Chris Avellone created the initial versions of Durance and the Grieving Mother, but then they were cut and passed on to you and Carrie Patel, under circumstances which remain unclear. Since they're such distinctive characters, the widespread assumption among fans is that most of their writing is still his (you seem to agree), although he's reluctant to take credit for them. Can you tell us your side of this story? What was changed about these two companions and why?I don't know about "my side of the story." I can tell you the extent of my work on Durance.
читать дальшеI wrote (if I'm remembering right) some of his environmental reactivity (like, for example, what does he say when he sees a dragon or the Grieving Mother drowning in a pool of blood), and then all of his banter with other companions, and his interjections into other conversations. I also gave the player an opportunity to call him out on his self-deception and hypocrisy, because it seemed to me that some players would want to, and that they might be more inclined to keep him in their party if they could, despite him being not the nicest guy. I had to make some minor edits to get everything to line up and make sense when his dialogue was pared down for length, but not a whole lot. Chris chose what to cut, and it was fairly clean - there was a layer that could be removed without losing the base of the character. Carrie's work on the Grieving Mother would've been similar, though I'm not sure the specifics.
The cuts came for length. The three limiting factors were time to implement, art resources for the dream sequences, and VO budget. There was a target length we had set upfront for all companions, and we had to stick to it. Otherwise we'd be, for example, voicing maybe one out of every six lines for Durance and the Grieving Mother, and it'd be conspicuously incongruent with the other companions, who had maybe 2/3 of their lines voiced. Unfortunately in this case it meant cutting down characters that had had a lot of research and creative energy invested in them, and there were some good ideas there that it would've been interesting to explore. It was a shitty thing to have to do, but we'd never have been able to implement the original versions in time to ship.
More interesting than cut content perhaps is content that never even made it off the drawing board because you didn't think there was a chance that it wouldn't eventually get cut. Is there anything you wanted to add to Pillars of Eternity at an early stage but backed away from due to it being too ambitious?
I mentioned this at our ComicCon panel, but I was hoping we might do low-INT dialogue, and I had a pet idea that we would also have low-INT journal entries, since our journal is written in first person. That's obviously very expensive, because depending on how far you take the joke, you're potentially doubling up your word count. But I can still dream.

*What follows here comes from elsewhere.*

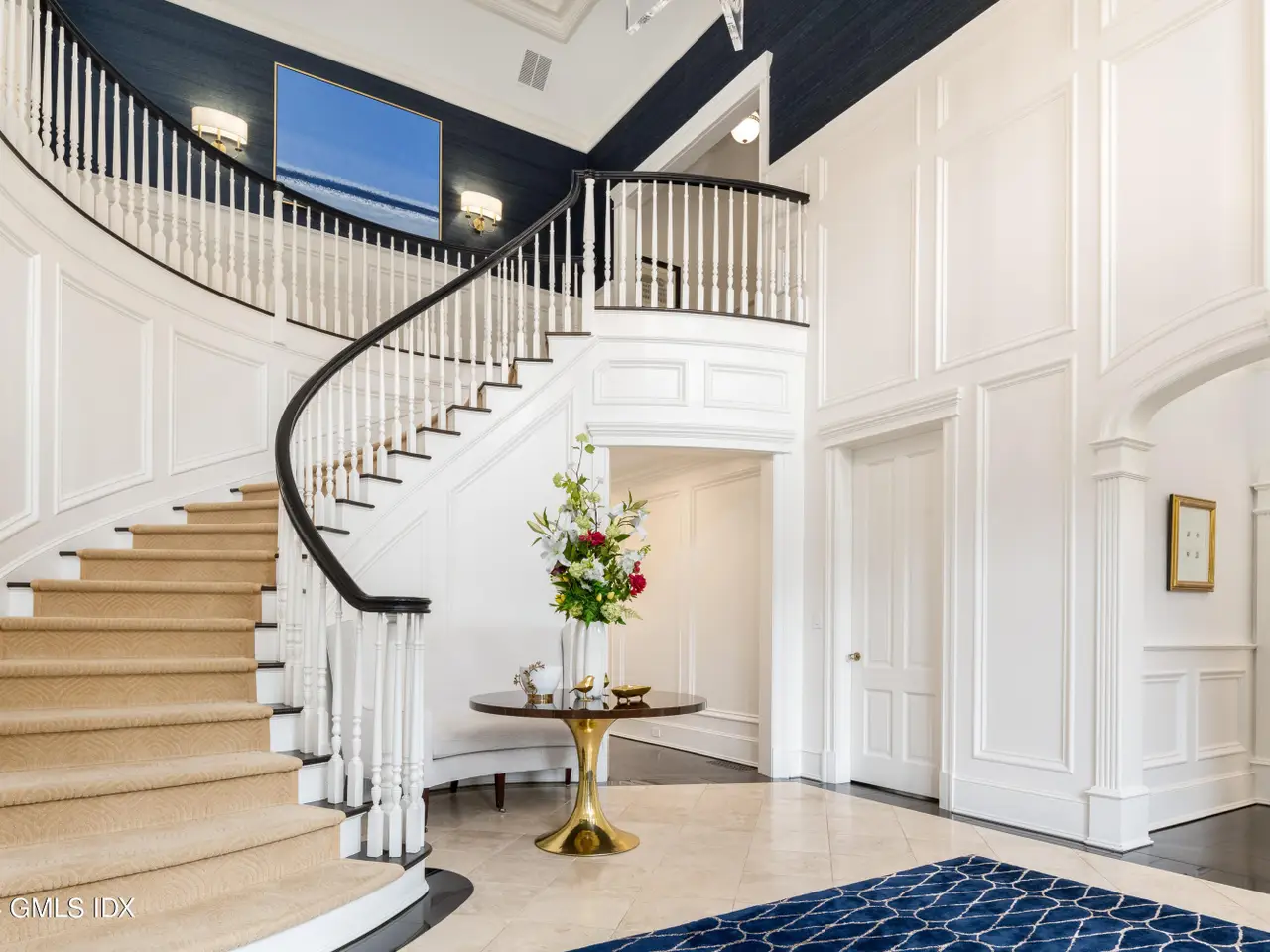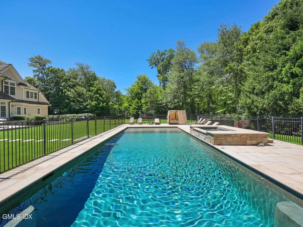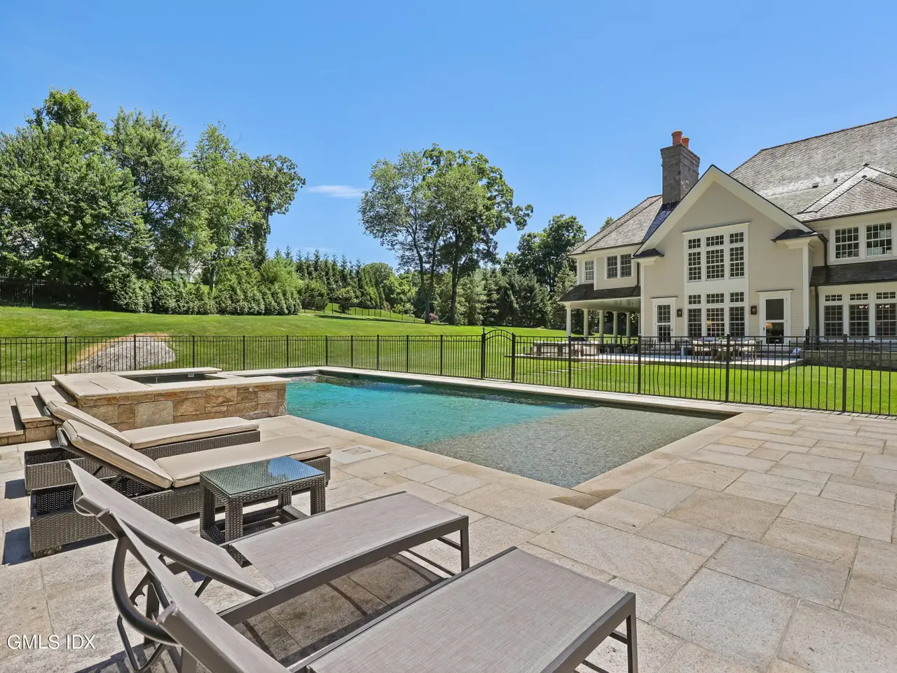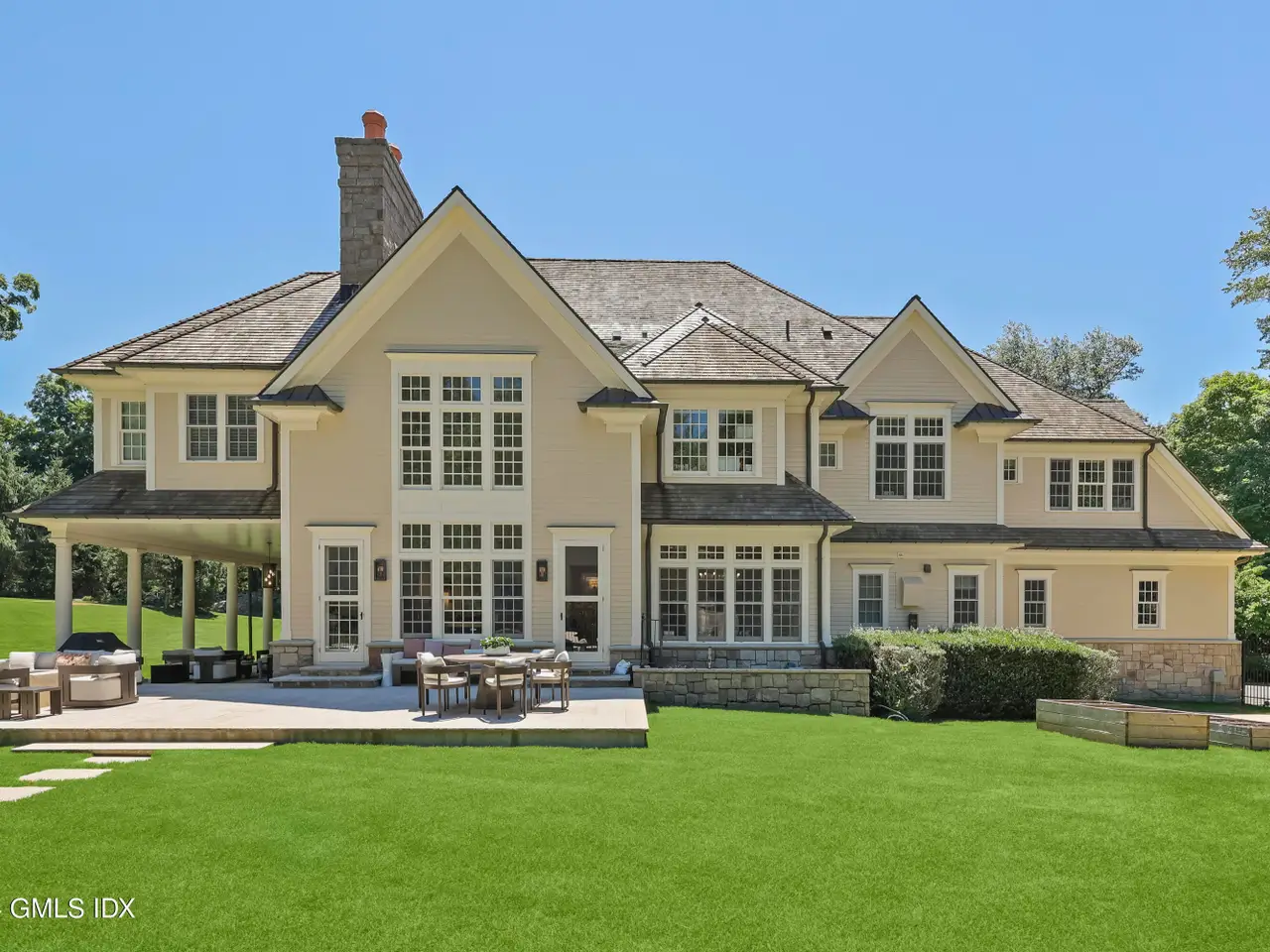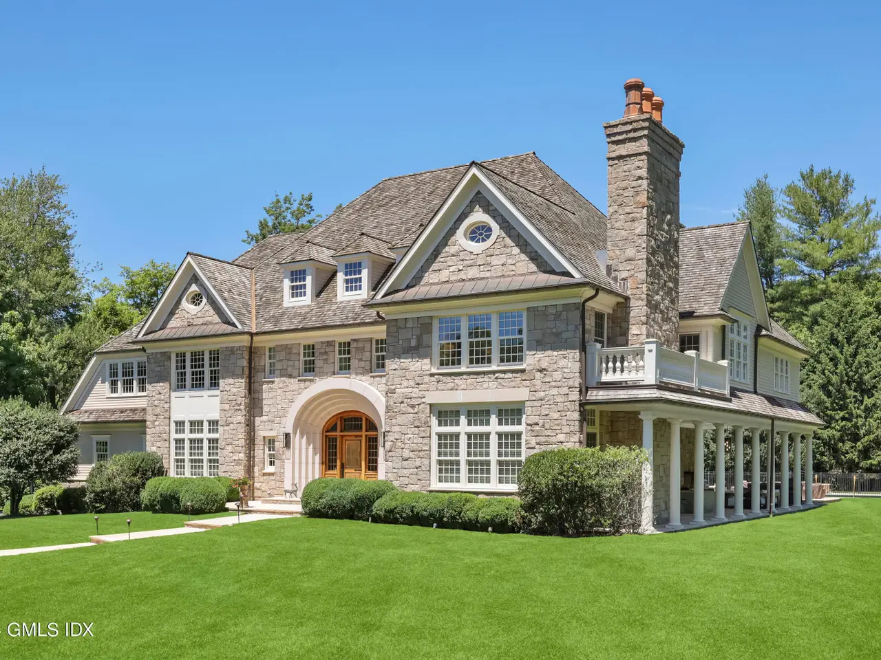 Elegance and luxury define this light-filled modern stone + clapboard home on 2 gorgeous acres close to town + schools. Designed by Rich Granoff, this 7 BR, 7.2 bath residence allows for spectacular indoor/outdoor living on expansive grounds w pool + spa, covered terrace with FP + firepit on a quiet cul-de-sac. Built in 2005 + recently redesigned by current owner, the open floor plan + very high ceilings impart a sense of airiness + spaciousness. Sunlight streams through the home - from the double height foyer to the lovely formal rooms + EI kitchen adj to amazing family room w vaulted ceiling + tall fp. Stunning Primary Ste w sitting rm + lux bath. 6 additional en-suite bedrooms. Wonderful LL media/game rm w high ceilings. 3 car garage w room for lifts. Generator. Greenwich at its best.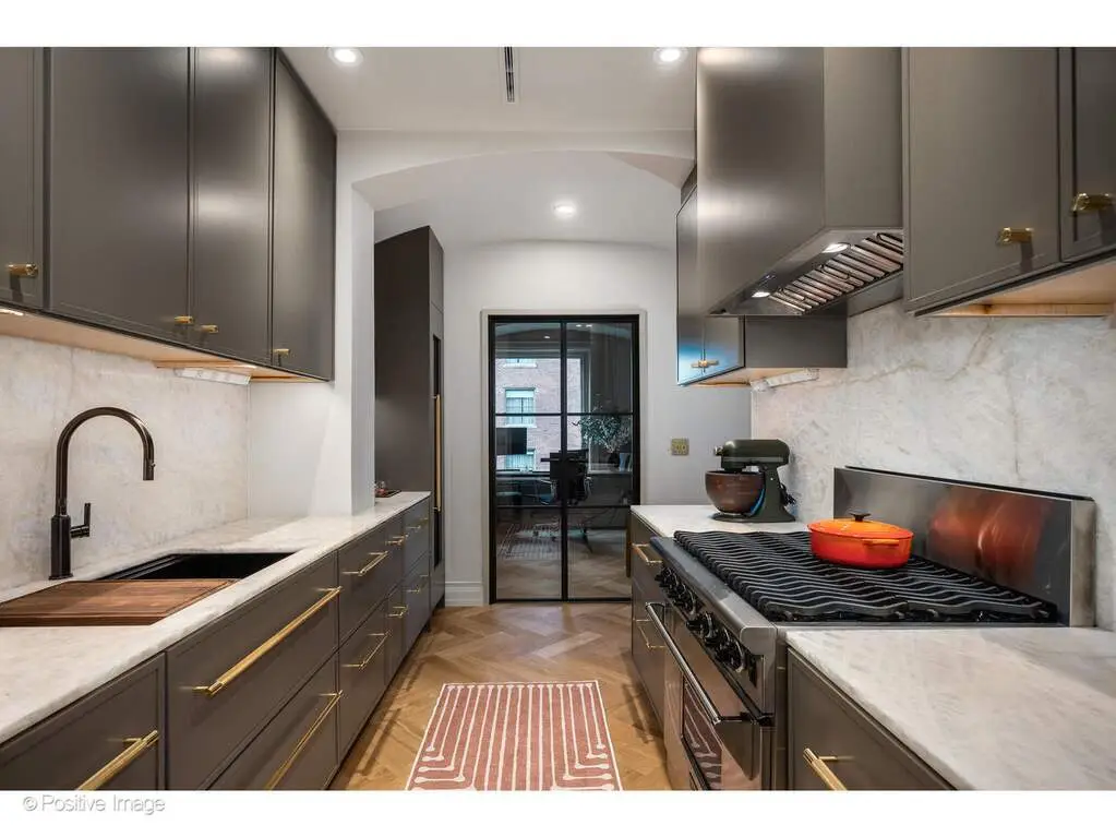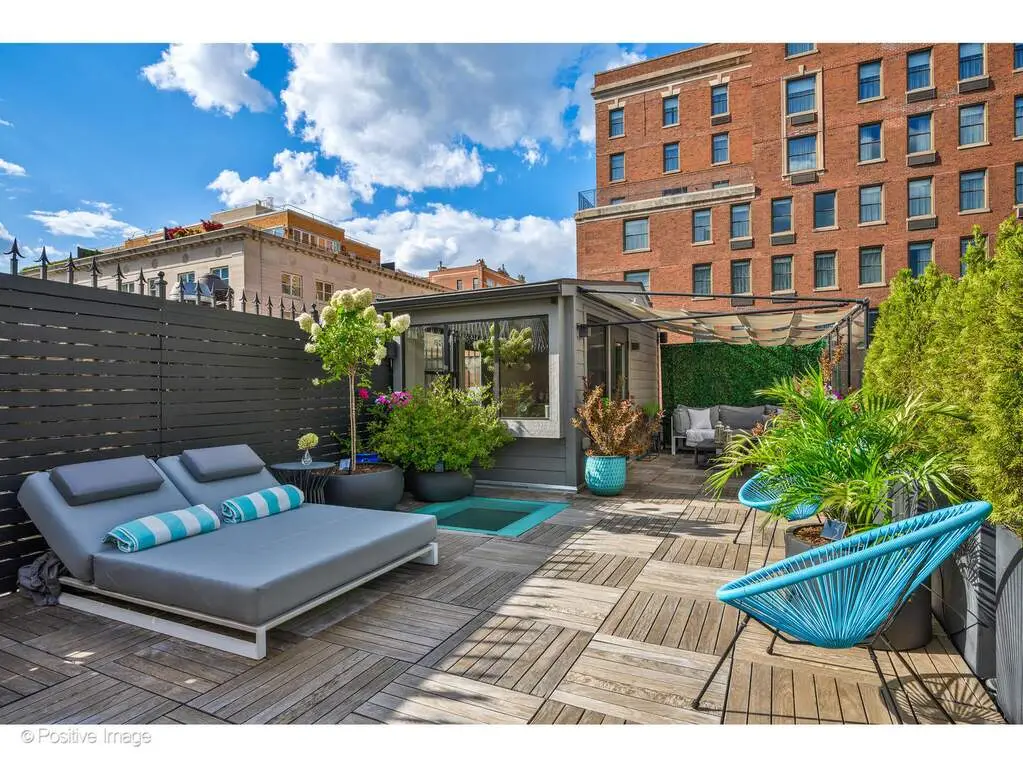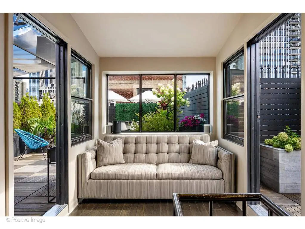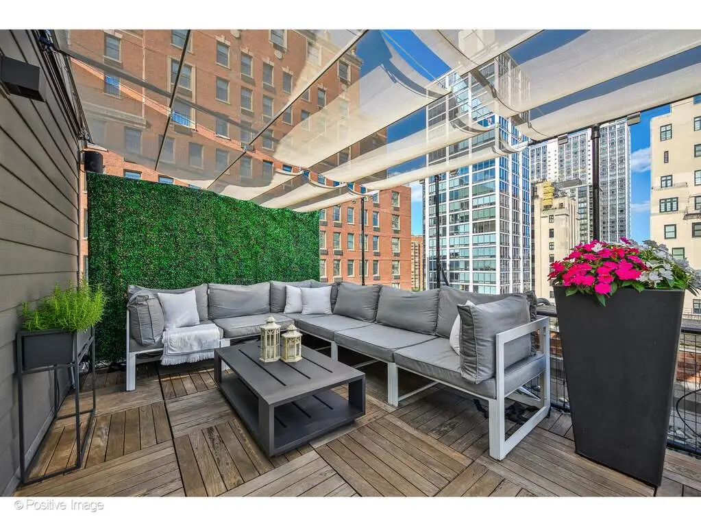 This extraordinary top-floor residence has been completely reimagined in a meticulous 2024 transformation, resulting in a bespoke masterpiece that cannot be replicated. From the moment you enter, it is evident that every detail-every finish, every material-was selected with the highest level of intention and refinement. White oak herringbone floors flow seamlessly throughout, complemented by exquisite custom millwork in the baseboards and crown moldings, creating a timeless architectural frame. In the living room, a dramatic skylight cascades natural light across the space, while a hand-crafted marble mantle encases a wood-burning fireplace, an elegant centerpiece for sophisticated gatherings. The adjoining dining area is anchored by a sculptural Corbett chandelier, setting the tone for elevated entertaining. The chef's kitchen is nothing short of spectacular: iceberg quartzite counters, bespoke cabinetry, and brass and bronze hardware harmonize with a suite of Sub-Zero, Wolf, and Bosch appliances, including a built-in wine cooler. Every switch, outlet, and handle has been thoughtfully upgraded to Buster + Punch, ensuring a cohesive, refined aesthetic. Just beyond, custom glass doors reveal a versatile bedroom currently curated as a home office, complete with a striking tropical Wenge live-edge desk. The jewel-box powder room delights with a custom vanity, Graff fixtures, and statement wallpaper, while a serene den houses bespoke closets, including a concealed laundry with Electrolux appliances and additional storage. The primary suite is a private sanctuary, lavish and light-filled...with custom built-ins, and an extraordinary walk-in closet of glass and steel illuminated by a Tom Dixon fixture. The dual ensuite baths are a study in indulgence, featuring Palmer Industries brass fixtures, Lacava sinks, and luxurious travertine and marble floors. Every mechanical element of the residence was upgraded in the renovation, including new plumbing and electrical systems. A sculptural spiral staircase leads upward to what is arguably the finest private terrace in the Gold Coast. Here, a fully integrated indoor sunroom with bar, refrigerator, and freezer seamlessly transitions to an expansive rooftop oasis. European shade systems define a partially covered lounge area, while a sun-soaked expanse invites relaxation on designer furnishings-all included. A dedicated dining terrace boasts outdoor kitchen with grill, refrigerator, extensive counter space, and storage. Privacy walls, a Sonos sound system, and a professional irrigation system complete this unrivaled alfresco experience, framed by iconic views of the Hancock, Gold Coast architecture, and shimmering lakefront. The residence is set within a building whose infrastructure has been fully revitalized, including new piping, boiler, tuckpointing, masonry, and the addition of a common roof deck. Perfectly positioned at 1255 N State Parkway, this one-of-a-kind home offers the best of city living-just moments from Oak Street Beach, Lincoln Park, and the world-class shopping, five-star dining, and cultural richness of Chicago's Gold Coast. A residence beyond compare. Welcome home.

Early on, I wanted to lapse time during the middle of the game. We thought about showing the player the world in multiple ages, which would've been awesome, although probably also disorienting for players who are still trying to get a handle on the setting. I'll get it into a game eventually.<...>
It's becoming increasingly obvious that Pillars of Eternity is going to get a sequel. The most recent press release for The White March Part 2 has all but spelled it out. Now, we don't expect you to confirm that or offer any specifics, but...what sort of things would you be looking forward to doing in a hypothetical Pillars of Eternity 2?Hypothetically, I have a few things I would want to play with. I don't want to tip my hand, so pardon the vagueness. One would be having fewer, but far deeper and more interconnected companions - interconnected both with respect to one another and with respect to the overall plot. "FEWER?! FUCK THAT," you say. But everything is zero-sum in this business, and every companion we add takes a ton of time to write and implement. So yes, fewer. But better. More memorable. More like a real group of people. Less likely to be collecting dust in your stronghold.
The other big thing is I would want to do a plot that is more dynamic and player-driven. Pillars is no more linear than Baldur's Gate or Planescape: Torment, but the structure was still A to B to C to D to E. Next time, if there is a next time, I would want the player to have some agency in picking where the plot goes next, and I would want the world to respond to it in big, meaningful ways during the game. Big talk, I know. But I do have an idea for this that pushes dynamism and puts my degree to use (for once) that I would be excited to experiment with.